Through the week I came across a few issues. 


For example, at the start of Tuesday, just as I was about to do some productive work, I realised that me or Jupyter Notebook had not saved some of the work that I had done on Monday. Big shout out to IPython %history magic that let me recover the commands that I ran. I’ll CTRL+S all the time from now on!


I felt that a big issue this week was a lack of productivity, especially relating to ELI5 text code. Sometimes I found myself making random changes to code, without much planning. I was overwhelmed by how much there is to refactor and implement, and I still have to deal with the problem of reusing existing code from image explanations. A couple of things had helped:

  1. Again make small changes and test. Don’t make changes “into the future” that you can’t test right now.

  2. Create a simple list of TODO items in a text editor, like I did for image code before. This is great for seeing the big picture, taking tasks one-by-one instead of everything at once, and marking tasks as done.

Writing library code - code that interacts with existing code and code that may expose an API to users - is much harder than simple experimental snippets in a Jupyter Notebook. Organisation helps.


On Sunday I got down to adding virtualenvwrapper to my workflow. Goodbye “source big-relative-or-absolute-path-to-my-virtualenv/bin/activate” and hello “workon eli5gradcam”! I also tried to train a ConvNet on a multiple classification problem (reuters newstopics), but the model kept on getting an appalling 30% accuracy. Perhaps I need a minor modification to the hyperparameters, or maybe ConvNet’s are not so good for multiple classification and text tasks?


I believe that next week will be much the same as week 6, topic wise: small PR changes, library code for text, and experimentation to make the code cover more possible models (RNN’s will come - someday!).


Thank you for reading once again, and see you next time!

Tomas Baltrunas

View Blog Post

Weekly check-in #5 (week 5): 24/06 to 30/06

Published: 07/01/2019

Hi all. I am running out of ideas for opening sentences, so let me just begin!
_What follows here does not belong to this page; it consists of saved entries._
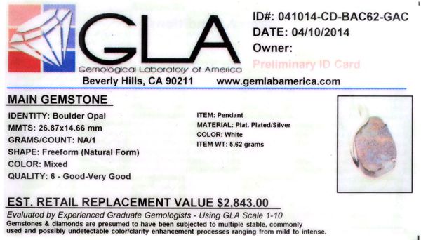 Natural Freeform Boulder Opal And Platinum Over Sterling Silver Pendant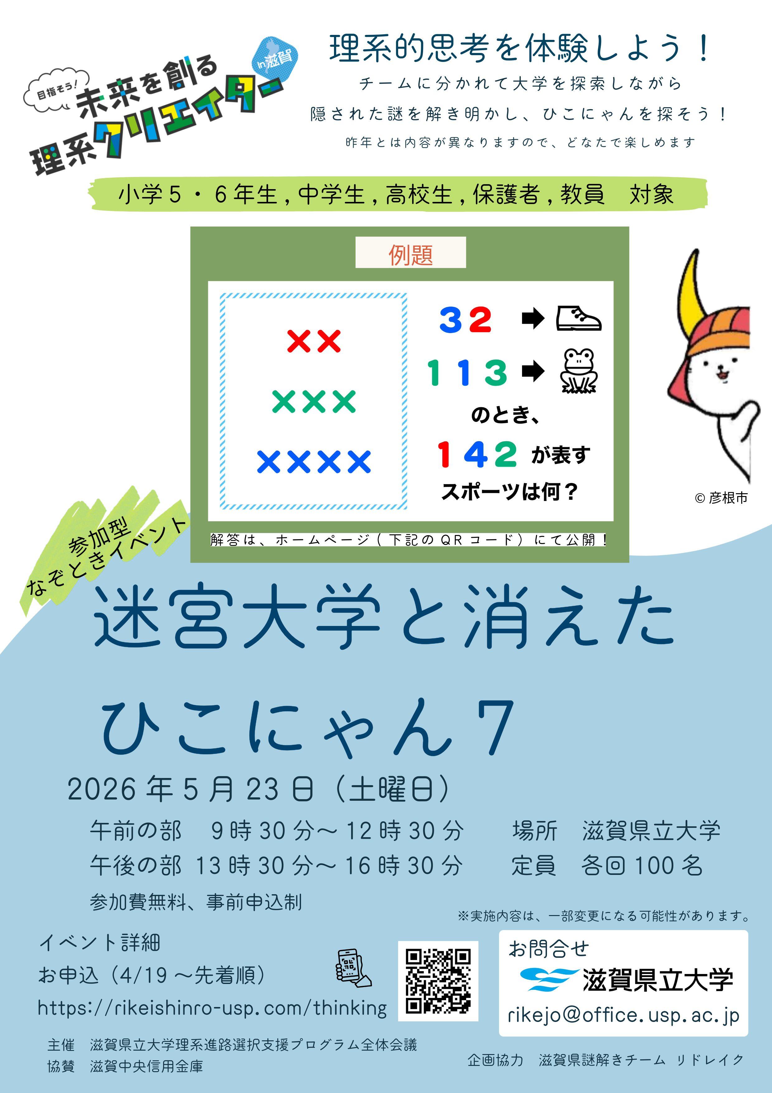 なぞ解きイベント『迷宮大学と消えたひこにゃん7』を開催します【理系進路選択支援プログラム】小学5年生~高校3年生対象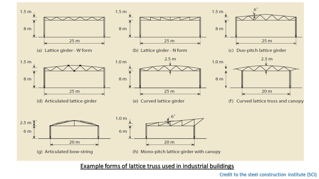 For long-span industrial buildings, lattice trusses using C, H, or O sections can be employed. Lattice trusses are typically beam and column structures and are less common in portal frames. Stability is primarily provided by bracing rather than rigid frame action in lattice trusses. Columns can also be constructed using lattice structures for in-plane stability. Lattice trusses offer high stiffness, load-bearing resistance, and material efficiency while enabling simple service integration.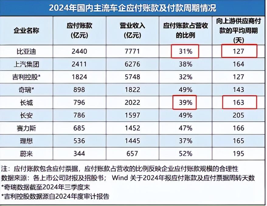但对比各大主流车企拖欠供应商付款周期看,长城本身也不优秀。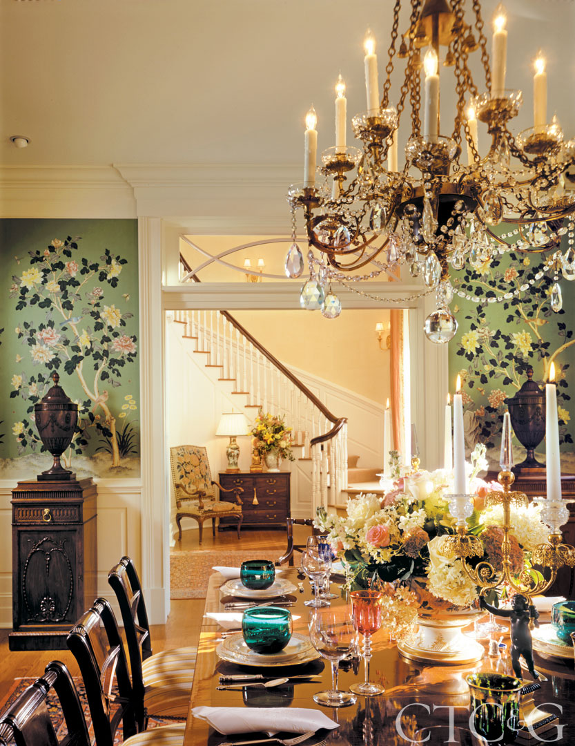 In the formal dining room, notable elements include custom wallpaper from Gracie, a period Regency chandelier through Florian Papp, and Georgian mahogany plinths, circa 1780, each topped with 19th-century knife-box urns.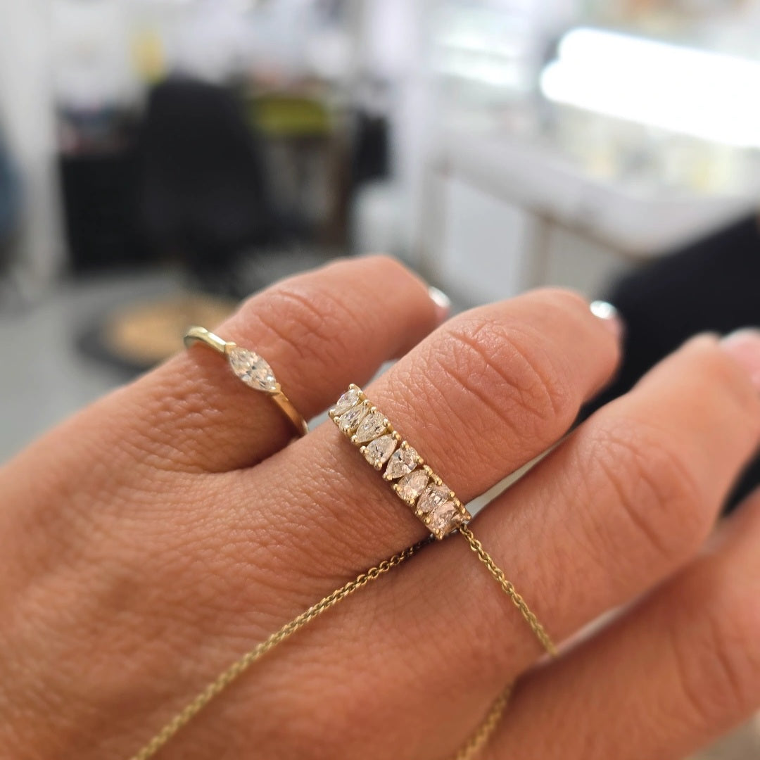 זו טבעת שמרגישה הרמונית עיצוב מדויק שמבליט את היופי של כל אבן ומוסיף עדינות יוקרתית שכל יד נהנית ממנה.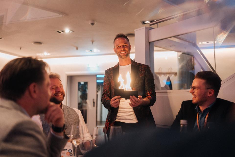 Durch meine Leidenschaft für das magische Entertainment werden Sie und Ihre Gäste niveauvoll unterhalten und verzaubert. Ich gehe von Tisch zu Tisch und zeige den Gästen hautnahe Magie, die durch meine freche und flinke Fingerfertigkeit entsteht.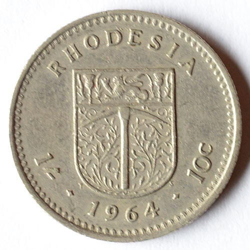 1964 Rhodesia 10c Elizabeth II 2nd portrait. Copper-nickel Weight 5.7g Diameter 23.5mm Thickness 1.76mm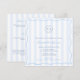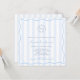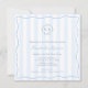 Una invitación de boda costera moderna y elegante de azul claro y blanco que incorpora un borde de concha de mar dibujada a mano y garabatos y tendencias de rayas modernas para una novia contemporánea y sofisticada. En el reverso están las mismas rayas y algunos campos de texto adicionales y un código QR (puede eliminarlos si lo prefiere). Se muestra aquí para una ducha nupcial, pero todo el texto es personalizable para su evento.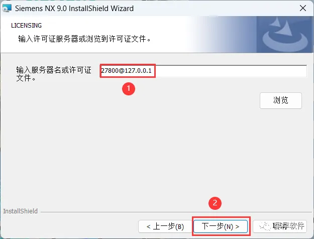 19、许可证文件输入:27800@127.0.0.1,再点击【下一步】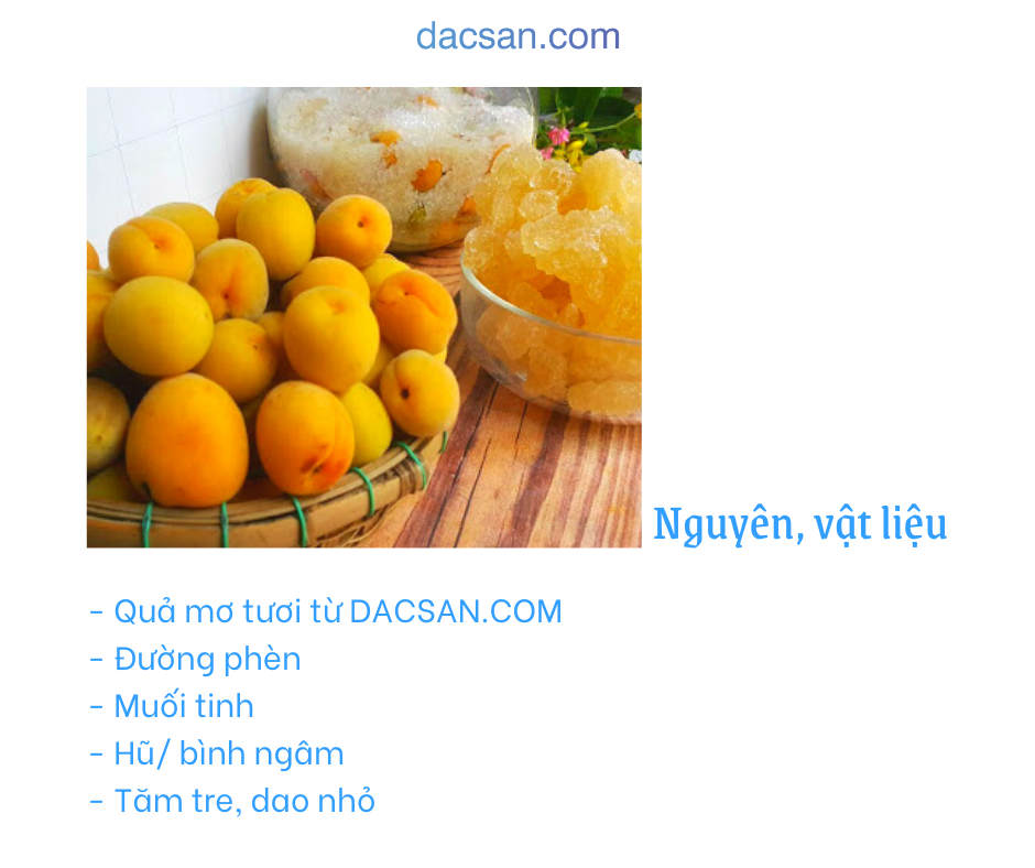 Mơ ngâm đường phèn có nguyên liệu chính là mơ tươi ngâm cùng đường phèn ngọt thanh, sau 1-3 tháng cho ra thứ nước uống chua ngọt, mát dịu.

What did you do this week?

This week was evaluation, though that was very short and work continued as usual. On Monday and Wednesday I synced up with one of my mentors, discussing how we will incorporate text into existing ELI5 code, our next steps. 


However, I wanted to get the PR out of the way, so most of what I did this week was resolving comments and opening new GitHub issues for larger TODO’s and FIXME’s. Finally all the checks went green!


Only on Sunday I got to do a bit of work on text, reusing existing ELI5 code to highlight text importance.

What is coming up next?

Now that I have a roughly working “end-to-end” example of text explanations in a Jupyter Notebook, I need to incorporate it into the ELI5 codebase (on a new branch). The example is indeed “roughly working”, so I will need to experiment and debug, and add explanations for more models (RNN’s come to mind).


Thinking about the next stage - what to do by the second evaluation - I have two top priority tasks in mind. First, explain text. Second, add PyTorch support alongside Keras. Roughly the same goals as in the proposed schedule, with some differences.

Did you get stuck anywhere?

I found myself working on the PR for too long, and I think it’s harder for me to switch between tasks than to work on a single task. From next week a good resolution would be to focus on text and spend less time on the PR.


Remembering all the things I did through the week and putting them on a blog in one day also tended to be hard. My solution was to write every couple of days. This did not happen, but I did manage to write the blog a day earlier (Sunday instead of Monday)!


When working on the “end-to-end” text explanation example, I found the ELI5 objects used for HTML formatting a bit mystic. Fortunately there was a tutorial showing highlighted text, and stepping through ELI5 code with pdb and examining the values helped.


That’s the check-in for the week. Continue on the work!

Tomas Baltrunas

View Blog Post

Weekly blog #2 (week 4): 17/06 to 23/06

Published: 06/25/2019

Hi! Welcome to my second “blog post” in which I will talk about my work, problems, and solutions for week 4. Let’s jump into it...


As expected this week was a split between working on my existing Pull Request (Grad-CAM applied to images), and exploring how to apply Grad-CAM to text.


Starting with the Pull Request work, I continued resolving various mentors’ comments on it. 


At one point I wanted to make a simple test case that checks whether a warning is raised when certain dependencies, when making a certain function call, are missing. My problem was that I spent way too much time on that. Trying to mock dependencies or do tricks with sys.modules is hard. Since the case was quite specialised and rare, the solution was to simply hack up a manual test. Lesson - use your time economically!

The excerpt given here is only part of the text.